The rest are engineers and support personnel.' (Times, 11 July,
p. 6) 'Some 450 reservists are to be called up' for the new deployment.
(FT, 11 July, p. 5) 'Currently there are only some 600 British
combat troops in Helmand, one of the world centres of heroin production
which has few good roads and is almost as big as Scotland.' (Telegraph,
7 July 2006) This will increase to around 900.
'Military commanders appear to have been
surprised by the ferocity and number of Taliban fighters. (Guardian,
7 July 2006) A senior British commander, speaking on condition
of anonymity, said 'the Taliban' [sic] had been 'more virulent
than expected'. (Guardian, 11 July, p. 1)
SOFTLY, SOFTLY?
Before the British deployment: 'The British [were] keen to stress
a difference in style from the departing American contingent,
which is due to leave in mid-April. Whereas US soldiers roar through
Laskhar Gah inside armoured vehicles, the British have started
daily foot patrols in an effort to gain people's confidence. On
Thursday [23 February 2006] Drummer Philip Grundy, 21, balanced
his S-80 rifle as he kicked a ball with a group of children. "Pashto?
Ah, me no Pashto," he said, smiling over a cacophony of greetings...
British troops will avoid "busting down doors" or other
search techniques used by US soldiers that have caused anger in
the conservative south. "That's their way but it's not ours,"
said Col Worsley... [But] Many disillusioned Helmandis doubt the
British are serious, said Sardar Muhammad of the Mercy Corps aid
agency. "They think this is a change in name, nothing more,"
he said.' (Guardian)
HELMAND PROVINCE
The reality of intervention has been a shock. 'The men of 16 Air
Assault Brigade, lead [sic] by 6 Para, have fought some astonishing
battles in the past month and have possibly already equalled the
amount of combat experience by colleagues in the Falklands campaign[!]

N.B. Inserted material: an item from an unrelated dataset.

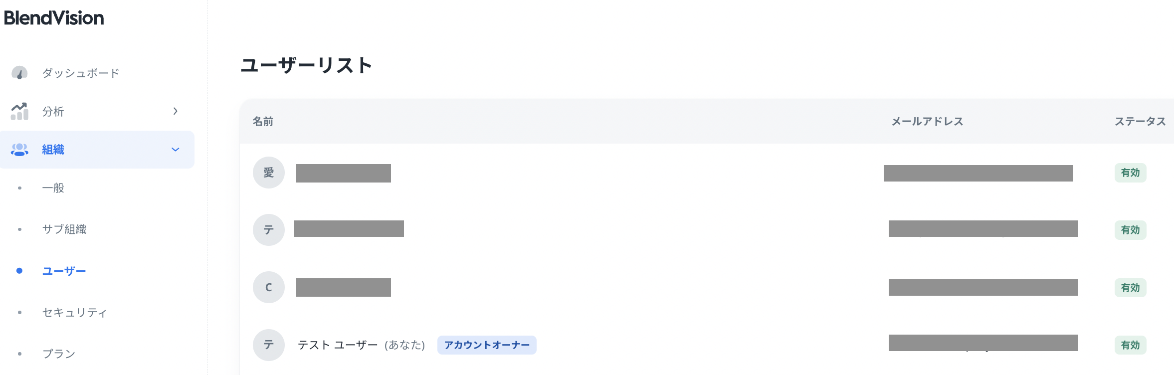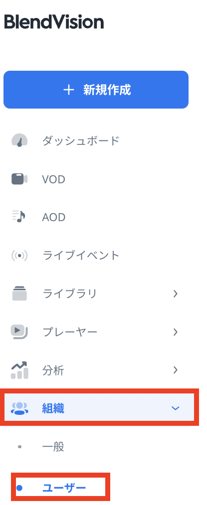 BlendVisionは、組織内の複数のユーザーとその権限を管理するための組織メニューを提供しています。

... The British force of 4,500 [in Helmand] in southern Afghanistan
replaces the 100 US troops based in Lashkar Gah who were clearly
ill-equipped to take on the Taliban. They entered an intelligence
vacuum and senior officers admitted that intelligence had underestimated
the force in the "ungovernable space" that the British
force entered.' (Telegraph, 11 July, p. 4)
A 'senior Foreign Office official', speaking
anonymously, said Britain's objectives 'could not be achieved
"without tackling the problems of southern Afghanistan, the
centre of Taliban country and a heartland of the drugs trade which
has been left to its own devices since 2001".' (Guardian,
11 July, p. 2)
'The southern third of the country, which
British troops are supposed to 'secure for development, has long
been ungovernable and a no-go area for aid agencies. It is all
too easy here for the Taliban to tell local people that the West
- and the pro-western government in Kabul - promised aid but has
done nothing for them... There are few even among the most on-message
British senior officers who do not privately concede that the
mission in Helmand is two years too late. Not only has the distraction
of the war in Iraq allowed the Taliban to regroup, but the British
forces are telling locals that they have come to help the Afghan
government when the credibility of the Karzai administration is
at an all-time low.' (Sunday Times, 9 July, News Review, p. 2)
'CAMP INCOMING'
In the first five weeks of British troops being deployed to an
outpost above the town of Tangye in northern Helmand, 'there have
been only seven days in which the tiny Operational, Mentoring
and Liaison Team has not seen action': ' "We call it 'Camp
Incoming' because we get so many mortars and rounds coming in,"
said Sergeant-Major Brennan with a chuckle. "It is my third
tour in Afghanistan and I have never seen anything like this,"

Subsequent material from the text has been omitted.